### DATA SHOWN
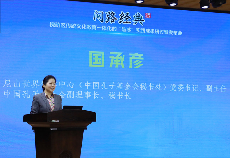 国承彦首先代表尼山世界儒学中心、中国孔子基金会,对槐荫区传承中华优秀传统文化、推动教育工作融入“两创”20年的坚守与实践所取得的成绩表示祝贺。她在致辞中表示,近年来槐荫区在传承中华优秀传统文化方面做了大量卓有成效的工作,以经典为桥,推动传统文化和常规课堂教育“一体化”,经过20年的坚守与实践,实现中、小、幼各学段传统文化教育的引桥衔接,经典文化主题活动异彩纷呈,取得了一系列理论和实践成果。尼山世界儒学中心(中国孔子基金会)实体化运行三年来,以传承弘扬中华优秀传统文化为己任,致力打造世界儒学人才集聚和培养高地、儒学研究高地、儒学普及推广高地、儒学国际交流传播高地,各项工作取得显著成效,创设孔子学堂3200余家,推出公益公开课尼山讲堂、高端对话节目尼山杏坛,举办全国儒家经典跨语言诵读大会、山东省儒家经典跨语言诵读大赛等一系列品牌活动,推动中华优秀传统文化“两创”落实落地。国承彦诚挚邀请槐荫区学子积极参加儒学中心、孔子基金会举办的丰富活动,希望槐荫区继续发挥54家孔子学堂的引领作用,持续扩大规模,共同传习中华经典,推进优秀传统文化深入校园、融入社会。
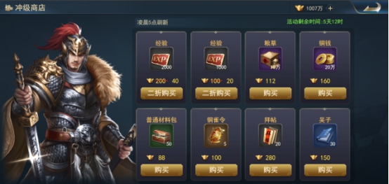 建立角色前7日,每日均会开放一个冲级商店,在商店中除了能买到铜钱粮草等游戏资源外,还可以超低价值购买2份经验值。
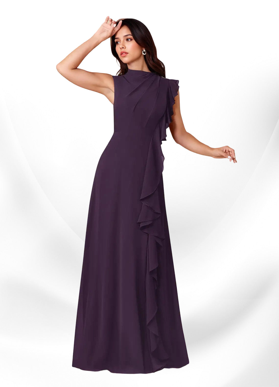 Meet Narine, our chiffon mother of the bride/groom dress. She features pleats along her shoulder, a button shoulder closure. The highlight of this dress is her gorgeous ruffle from the shoulders down through the bodice and onto her leg slit.
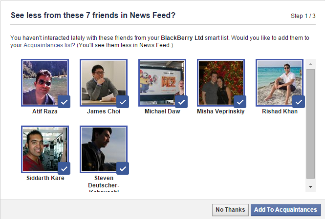 Bạn có thể bỏ chọn một số hoặc tất cả những người mà Facebook gợi ý. Dù bạn chọn “No Thanks” hay “Add to Acquaintances”, bạn cũng sẽ được chuyển sang nhóm bạn bè mới.

### EXERCISE DIRECTIONS
A faithful, picture-free copy of the material is what this task asks for.

### ANSWER BOX
 国承彦首先代表尼山世界儒学中心、中国孔子基金会,对槐荫区传承中华优秀传统文化、推动教育工作融入“两创”20年的坚守与实践所取得的成绩表示祝贺。她在致辞中表示,近年来槐荫区在传承中华优秀传统文化方面做了大量卓有成效的工作,以经典为桥,推动传统文化和常规课堂教育“一体化”,经过20年的坚守与实践,实现中、小、幼各学段传统文化教育的引桥衔接,经典文化主题活动异彩纷呈,取得了一系列理论和实践成果。尼山世界儒学中心(中国孔子基金会)实体化运行三年来,以传承弘扬中华优秀传统文化为己任,致力打造世界儒学人才集聚和培养高地、儒学研究高地、儒学普及推广高地、儒学国际交流传播高地,各项工作取得显著成效,创设孔子学堂3200余家,推出公益公开课尼山讲堂、高端对话节目尼山杏坛,举办全国儒家经典跨语言诵读大会、山东省儒家经典跨语言诵读大赛等一系列品牌活动,推动中华优秀传统文化“两创”落实落地。国承彦诚挚邀请槐荫区学子积极参加儒学中心、孔子基金会举办的丰富活动,希望槐荫区继续发挥54家孔子学堂的引领作用,持续扩大规模,共同传习中华经典,推进优秀传统文化深入校园、融入社会。
 建立角色前7日,每日均会开放一个冲级商店,在商店中除了能买到铜钱粮草等游戏资源外,还可以超低价值购买2份经验值。
 Meet Narine, our chiffon mother of the bride/groom dress. She features pleats along her shoulder, a button shoulder closure. The highlight of this dress is her gorgeous ruffle from the shoulders down through the bodice and onto her leg slit.
 Bạn có thể bỏ chọn một số hoặc tất cả những người mà Facebook gợi ý. Dù bạn chọn “No Thanks” hay “Add to Acquaintances”, bạn cũng sẽ được chuyển sang nhóm bạn bè mới.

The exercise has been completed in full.